Dunkle, schwarze oder teerähnliche Stühle werden häufig mit verdautem Blut im Kot in Verbindung gebracht. Hellrotes Blut begleitet häufig Kolitis oder Analdrüsenerkrankungen. In jedem Fall sollten Sie Ihre Katze untersuchen lassen, wenn Sie Veränderungen im Kot feststellen. Blutende Geschwüre, Darmparasiten, Fremdkörper und mehr können dunklen oder blutigen Stuhl verursachen und sollten so schnell wie möglich behandelt werden.

7. Kann nicht entleeren oder urinieren



Ein Haustier, das sich anstrengt oder nicht in der Lage ist, zu urinieren oder zu entleeren, ist in unmittelbarer Gefahr. Neben dem großen Risiko für Blasen- oder Harnröhrenruptur, Nierenversagen, Blutvergiftung, Krampfanfälle und noch schlimmeren Erkrankungen sollte Ihre Katze sofort einen Arzt aufsuchen. Viele Katzen bemühen sich zunächst, auf die Toilette zu gehen, um plötzlich eine vollständige Blockade zu entwickeln. Männliche Katzen sind einem besonderen Risiko für Harnröhren- oder Harnverstopfungen ausgesetzt.

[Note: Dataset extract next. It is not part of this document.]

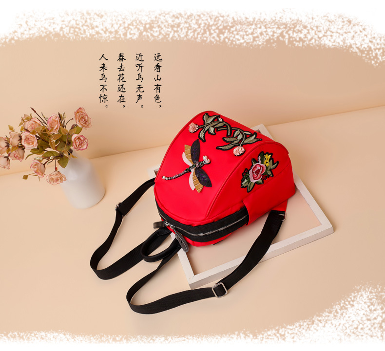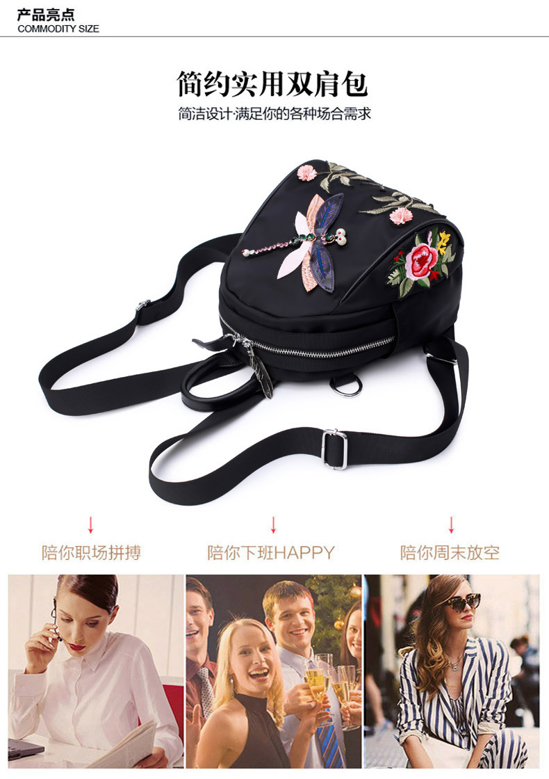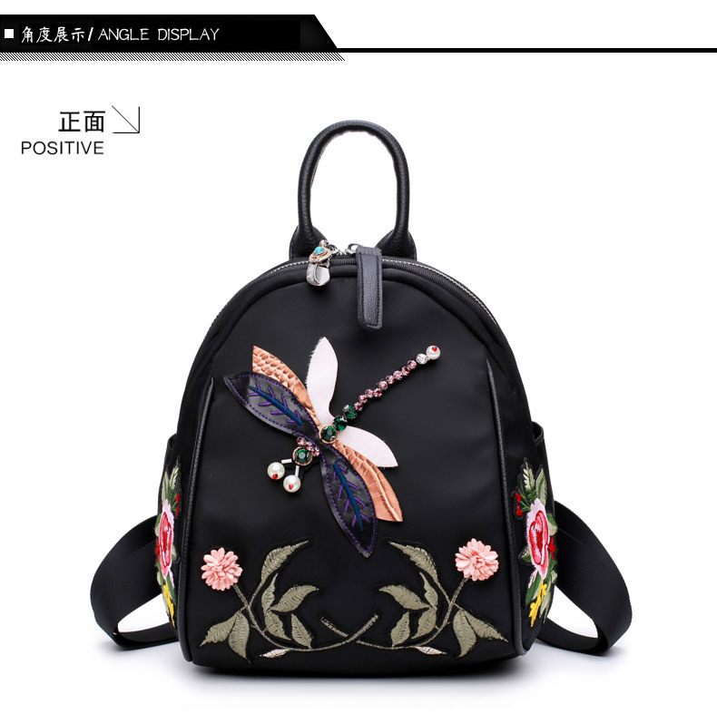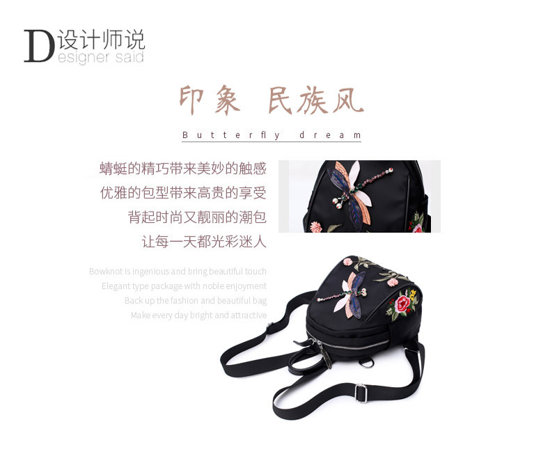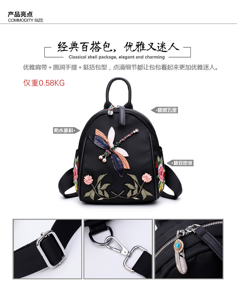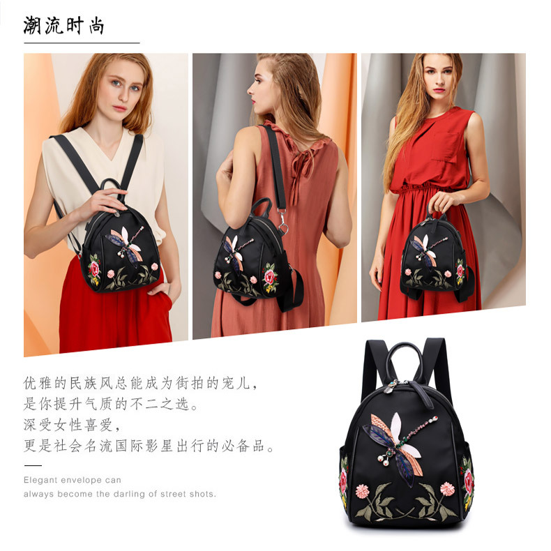 QS-x9新品民族风蜻蜓绣花牛津布双肩包 TZW

Während dies keine vollständige Liste der Symptome ist, die einen sofortigen medizinischen Zustand erfordern, ist es eine „Wunschliste“, die viele Tierärzte wünschen, dass ihre Kunden sie beachten würden. Zu viele Haustiere leiden unnötig oder müssen aufgrund verzögerter Behandlung aufwendigere Behandlungen ertragen. Verwenden Sie diese sieben Symptome als Richtlinie und gehen Sie beim Umgang mit Ihrem Haustier immer auf Nummer sicher. Sie können uns nicht sagen, was falsch ist oder wie sie sich fühlen. Es liegt an uns, ihre Wächter zu sein und genau auf die subtilen Zeichen zu achten, die sie uns geben.

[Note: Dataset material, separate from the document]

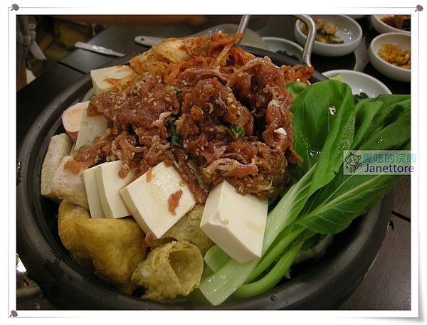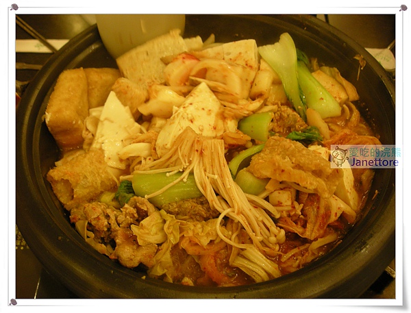 有三角油豆腐、火鍋豆腐、豆皮、青江菜、金針菇、牛肉、泡菜、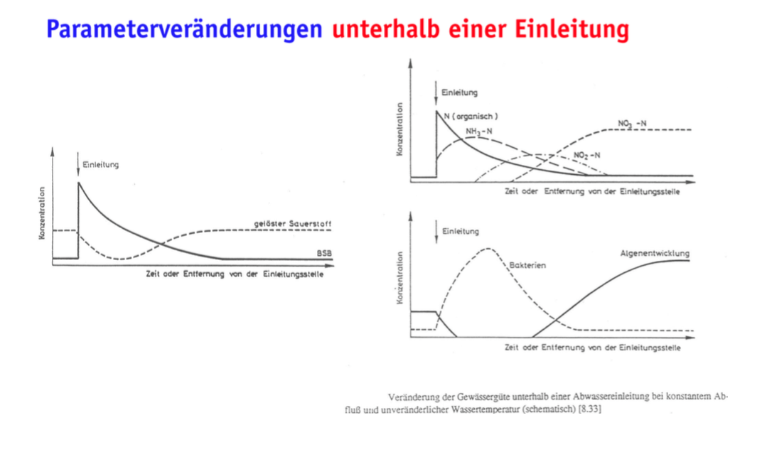 Skizzieren Sie den Verlauf der Veränderung der Parameter O2, BSB5, Norg, NH4, NO2 und NO3, Bakterien und Algenentwicklung unterhalb einer Abwassereinleitung in ein Fließgewässer ?

Ernest E. Ward , Jr., DVM ist Eigentümer und Stabschef von Tierpflege am Meer , eine national anerkannte preisgekrönte Kleintierpraxis. Dr. Ward ist der derzeitige Tierarzt der Rachael Ray Show und ist ein Sprecher für Rachaels Rettung . Er wurde in NBC Nightly News, Animal Planet, CNN, Animal Radio und zahlreichen Fernseh- und Radio-Talkshows im ganzen Land gezeigt.



Lesen Sie mehr über Dr. Ernie Ward in unserem Expertenzentrum.